Did you set GLOO_SOCKET_IFNAME
?
Yes. PyTorch’s example didn’t work either until I set GLOO_SOCKET_IFNAME
to proper values. I also changed the backend to of the example from nccl
to gloo
.
which dataset are you using for train? how long does it hang?
so this is probably the root cause of hang.
you should specify eno1
when submitting job to ip_1(including server and client) and eno2
for the other machine.
I’m using ogbn-arxiv
, which is partitioned into 2 parts before training. It hang like forever.
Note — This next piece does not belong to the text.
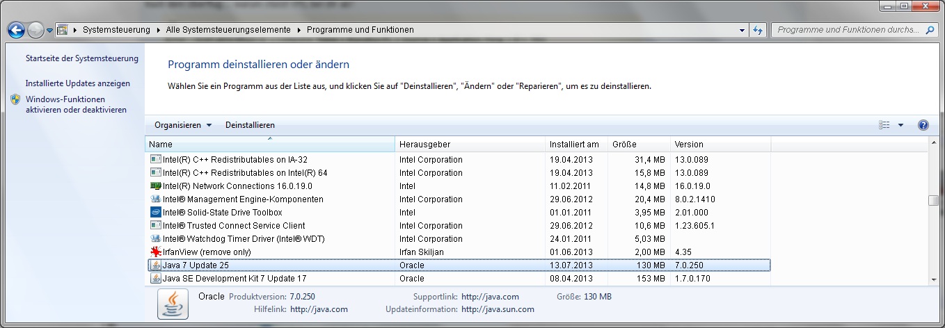 Kann nicht sein, unter Software gibt es nur die Version 7u25 (sieh Anhang)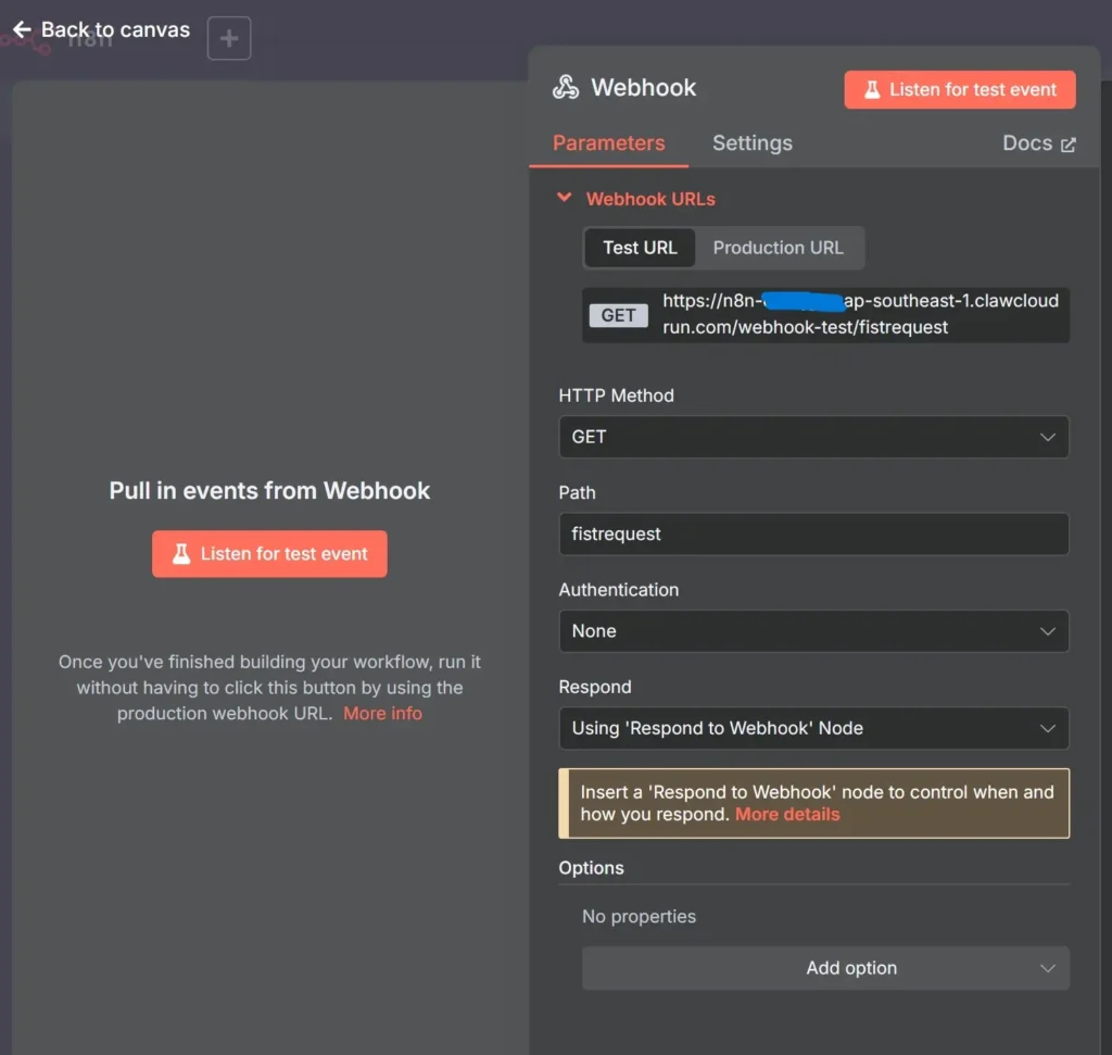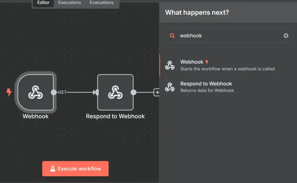 कैनवास पर रखा गया वेबहुक नोड, “वेबहुक का जवाब दें” नोड से जुड़ा होता है। यह सेटअप वेबहुक के माध्यम से आने वाली रिक्वेस्ट्स को सही और व्यवस्थित तरीके से संभालने का सबसे प्रभावी तरीका माना जाता है।

Nothing happen after the log says
[17:33:09] /opt/dgl/src/rpc/rpc.cc:141: Sender with NetType~socket is created.
[17:33:09] /opt/dgl/src/rpc/rpc.cc:161: Receiver with NetType~socket is created.
But the warning (IP address not available for interface
) still persists, and I think I’ve setup the ENV (shown by the ssh command constructed by launch.py
).
It’s not working.
And I just noticed that there is a fatal error, which I might have missed earlier, right after the launch:
The number of OMP threads per trainer is set to 32
/home/myid/ws/py_ws/p3-demo/example/launch.py:153: DeprecationWarning: setDaemon() is deprecated, set the daemon attribute instead
thread.setDaemon(True)
cleanupu process runs
Fatal Python error: Segmentation fault
Current thread 0x00007fed02adf740 (most recent call first):
File "/home/myid/ws/py_ws/dgl/heterograph_index.py", line 1151 in formats
File "/home/myid/ws/py_ws/dgl/heterograph.py", line 6176 in formats
File "/home/myid/ws/py_ws/dgl/distributed/dist_graph.py", line 398 in __init__
File "/home/myid/ws/py_ws/dgl/distributed/dist_context.py", line 268 in initialize
File "/home/myid/ws/py_ws/p3-demo/example/node_classification.py", line 357 in main
File "/home/myid/programs/mambaforge/envs/p3/lib/python3.10/site-packages/torch/distributed/elastic/multiprocessing/errors/__init__.py", line 346 in wrapper
File "/home/myid/ws/py_ws/p3-demo/example/node_classification.py", line 483 in <module>
which dgl version are you using? what’s the shared memory you configured for your machines? df -h /dev/shm
I’m using version 1.1.1+cu117
.
df -h /dev/shm
shows:
Filesystem Size Used Avail Use% Mounted on
tmpfs 158G 28M 158G 1% /dev/shm
Do I need to configure shared memory? Like I said, I’m using sshfs
to map the workspace from xxx.xxx.10.17
machine to xxx.xxx.9.50
machine.
which machine is the output of df -h /dev/shm
from? or these 2 machines shares this file system as well?
Sorry about the confuse.
xxx.xxx.10.17:
Filesystem Size Used Avail Use% Mounted on
tmpfs 158G 28M 158G 1% /dev/shm
xxx.xxx.9.50
Filesystem Size Used Avail Use% Mounted on
tmpfs 32G 285M 32G 1% /dev/shm
After I launch the training script (the node_classification.py example), xxx.xxx.10.17
's used memory increased to 101M and xxx.xxx.9.50
's used memory increased to 357M.
shm looks good to me. The callstack you shared indicates seg fault happened when creating DGL formats. could you try to prepend DGL_GRAPH_FORMAT=coo
before node_classification.py xxx
?
Can’t tell since I have no access to the computation resources currently.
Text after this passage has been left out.